§ **What is being asked**
Take the records below and set down exactly the lines from the one with "1. Reihe: Bürgermeister" to the one with "Beaufort’s Alexandria Vega", ends included; do not copy the pictures.

§ **The data**
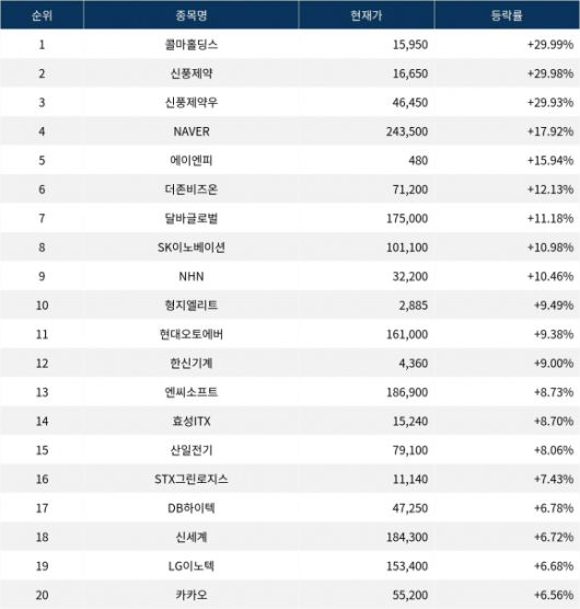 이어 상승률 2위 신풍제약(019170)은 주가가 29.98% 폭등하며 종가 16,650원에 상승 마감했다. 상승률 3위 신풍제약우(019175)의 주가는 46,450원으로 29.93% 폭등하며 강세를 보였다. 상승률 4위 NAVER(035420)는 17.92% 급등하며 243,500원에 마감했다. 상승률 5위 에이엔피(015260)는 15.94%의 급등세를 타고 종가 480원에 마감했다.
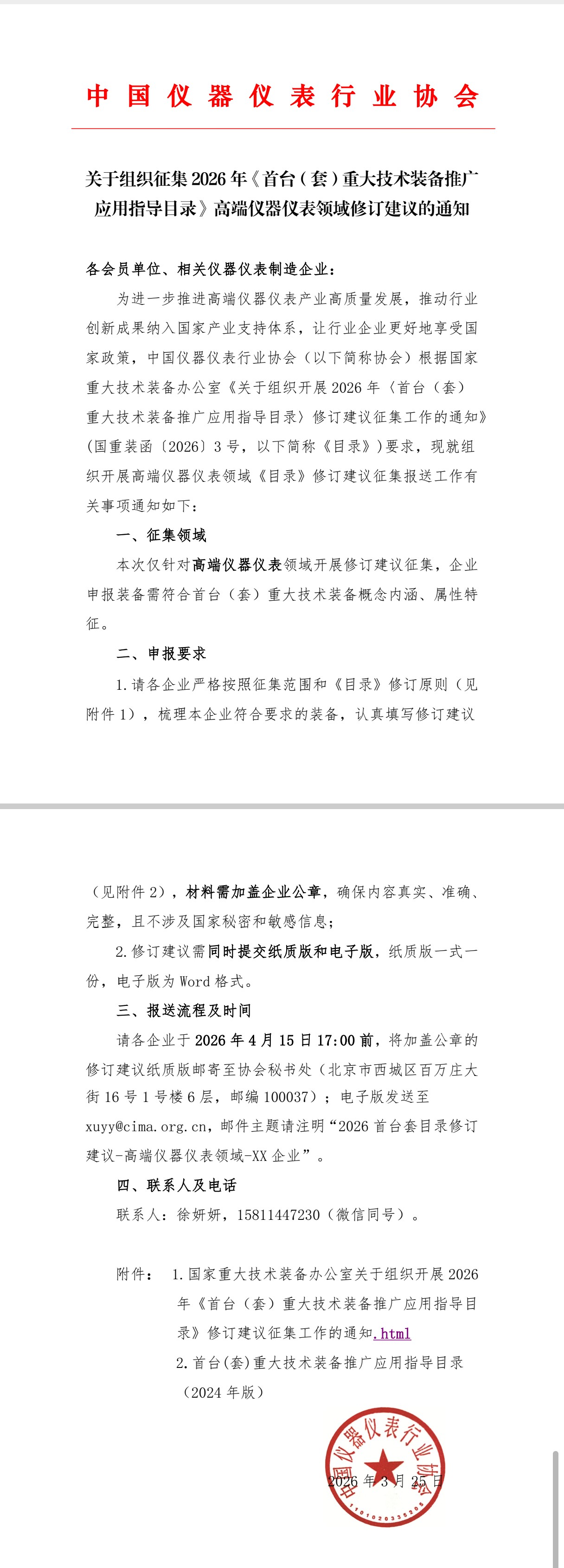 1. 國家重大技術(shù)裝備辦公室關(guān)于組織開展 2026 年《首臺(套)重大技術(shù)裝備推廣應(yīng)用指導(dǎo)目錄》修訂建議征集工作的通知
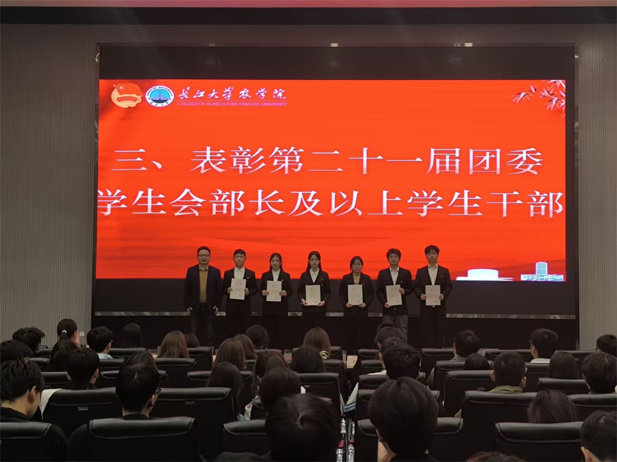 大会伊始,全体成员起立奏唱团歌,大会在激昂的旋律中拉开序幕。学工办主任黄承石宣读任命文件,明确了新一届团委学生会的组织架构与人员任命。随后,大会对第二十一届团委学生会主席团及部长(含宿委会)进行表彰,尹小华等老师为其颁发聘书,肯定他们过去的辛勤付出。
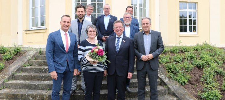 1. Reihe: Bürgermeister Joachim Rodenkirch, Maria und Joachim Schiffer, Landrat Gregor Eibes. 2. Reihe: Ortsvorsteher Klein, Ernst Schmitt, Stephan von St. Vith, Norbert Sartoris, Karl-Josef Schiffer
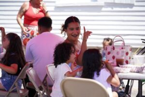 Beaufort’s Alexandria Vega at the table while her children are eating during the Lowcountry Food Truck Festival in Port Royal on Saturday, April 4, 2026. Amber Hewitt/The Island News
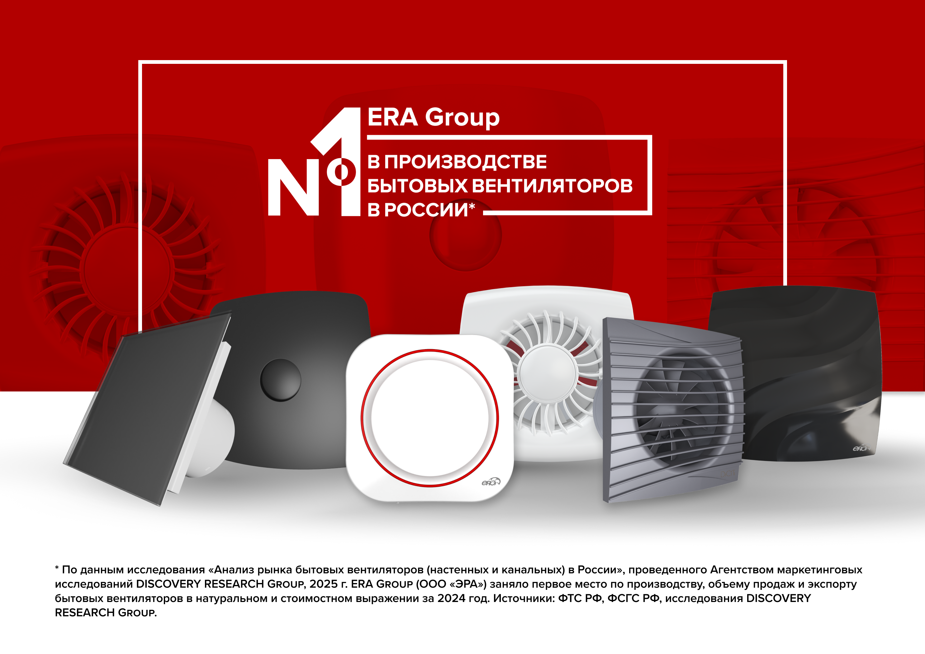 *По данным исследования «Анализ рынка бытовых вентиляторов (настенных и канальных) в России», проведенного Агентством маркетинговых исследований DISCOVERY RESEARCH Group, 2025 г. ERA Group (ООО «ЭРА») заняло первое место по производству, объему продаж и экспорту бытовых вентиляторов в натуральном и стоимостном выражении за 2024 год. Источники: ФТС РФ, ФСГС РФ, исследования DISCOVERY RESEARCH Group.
==
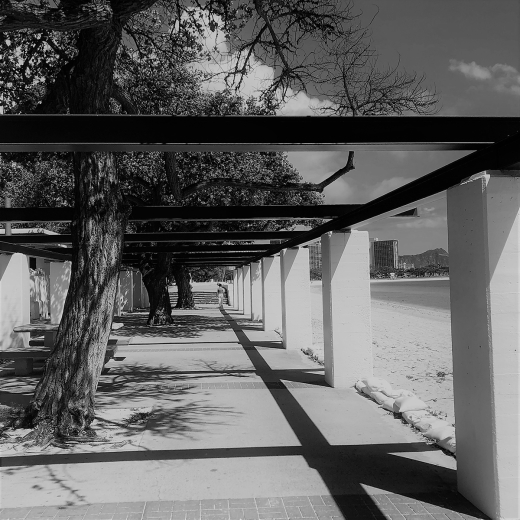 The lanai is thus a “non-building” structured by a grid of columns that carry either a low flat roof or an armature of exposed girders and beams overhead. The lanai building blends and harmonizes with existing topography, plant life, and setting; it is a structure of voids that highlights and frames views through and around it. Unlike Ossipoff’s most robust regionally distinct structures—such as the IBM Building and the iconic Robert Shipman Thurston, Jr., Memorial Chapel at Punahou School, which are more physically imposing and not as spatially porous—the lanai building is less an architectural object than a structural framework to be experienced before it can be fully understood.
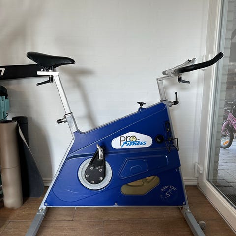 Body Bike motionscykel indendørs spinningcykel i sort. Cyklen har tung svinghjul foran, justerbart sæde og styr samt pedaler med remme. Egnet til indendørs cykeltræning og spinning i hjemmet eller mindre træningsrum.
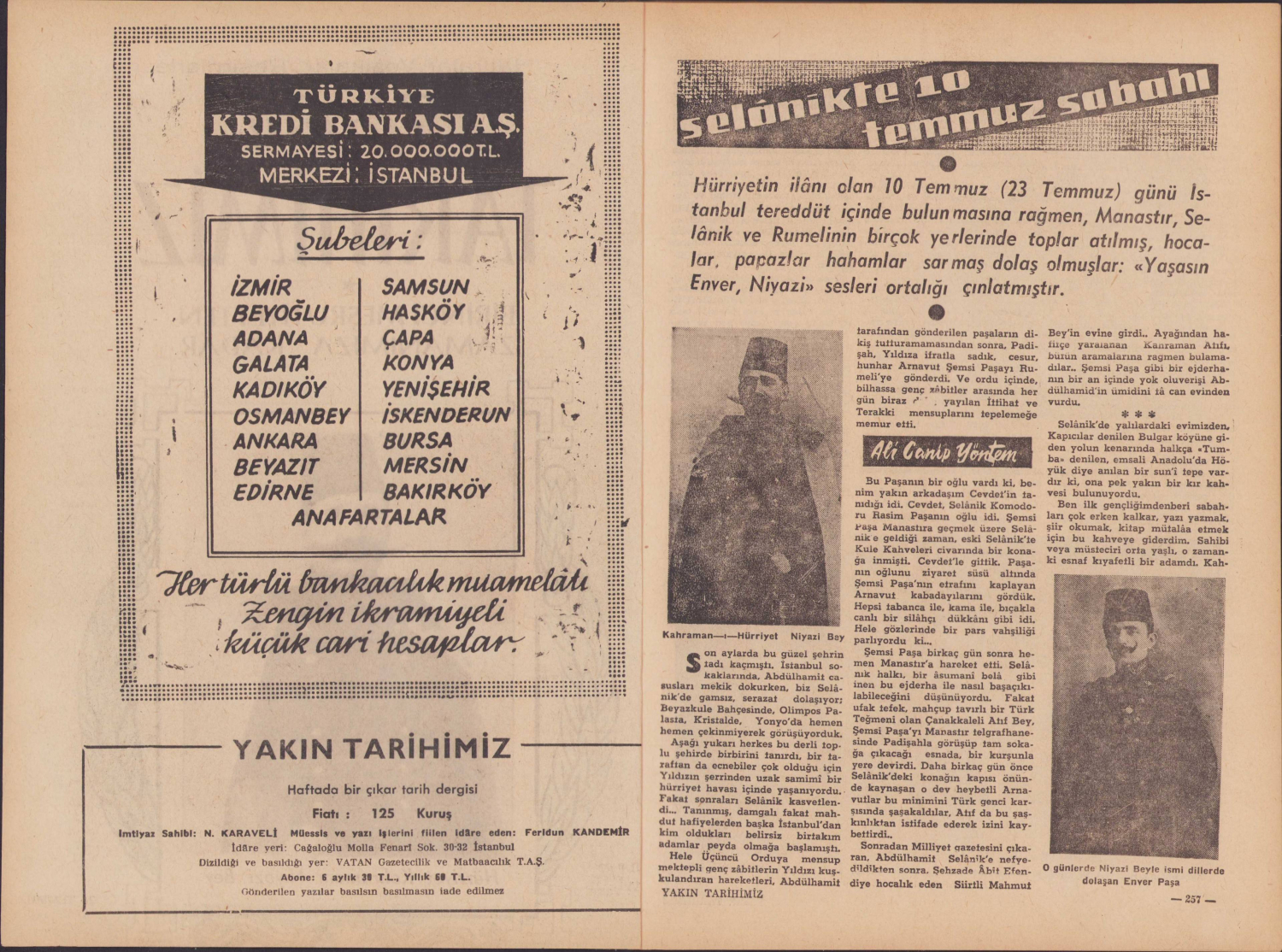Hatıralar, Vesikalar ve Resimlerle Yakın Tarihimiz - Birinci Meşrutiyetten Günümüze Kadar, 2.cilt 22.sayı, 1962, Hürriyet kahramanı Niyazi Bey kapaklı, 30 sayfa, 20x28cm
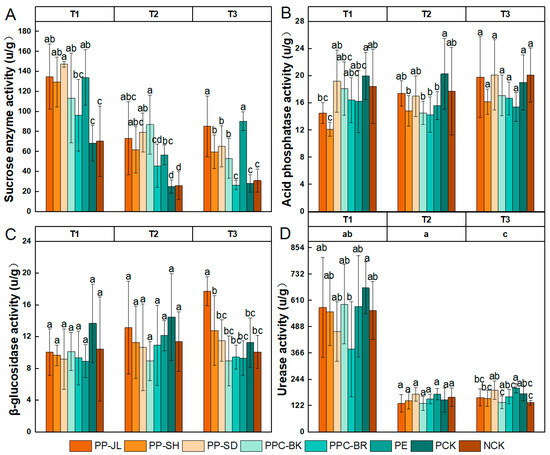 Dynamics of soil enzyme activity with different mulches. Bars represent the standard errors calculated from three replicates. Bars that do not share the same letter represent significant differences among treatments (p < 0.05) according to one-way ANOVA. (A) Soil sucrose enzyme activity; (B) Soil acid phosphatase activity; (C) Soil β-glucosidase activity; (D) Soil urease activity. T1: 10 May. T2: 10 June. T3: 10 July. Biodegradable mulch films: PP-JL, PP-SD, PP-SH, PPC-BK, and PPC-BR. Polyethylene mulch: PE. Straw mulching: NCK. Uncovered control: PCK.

§ **Exercise response**
 1. Reihe: Bürgermeister Joachim Rodenkirch, Maria und Joachim Schiffer, Landrat Gregor Eibes. 2. Reihe: Ortsvorsteher Klein, Ernst Schmitt, Stephan von St. Vith, Norbert Sartoris, Karl-Josef Schiffer
 Beaufort’s Alexandria Vega at the table while her children are eating during the Lowcountry Food Truck Festival in Port Royal on Saturday, April 4, 2026. Amber Hewitt/The Island News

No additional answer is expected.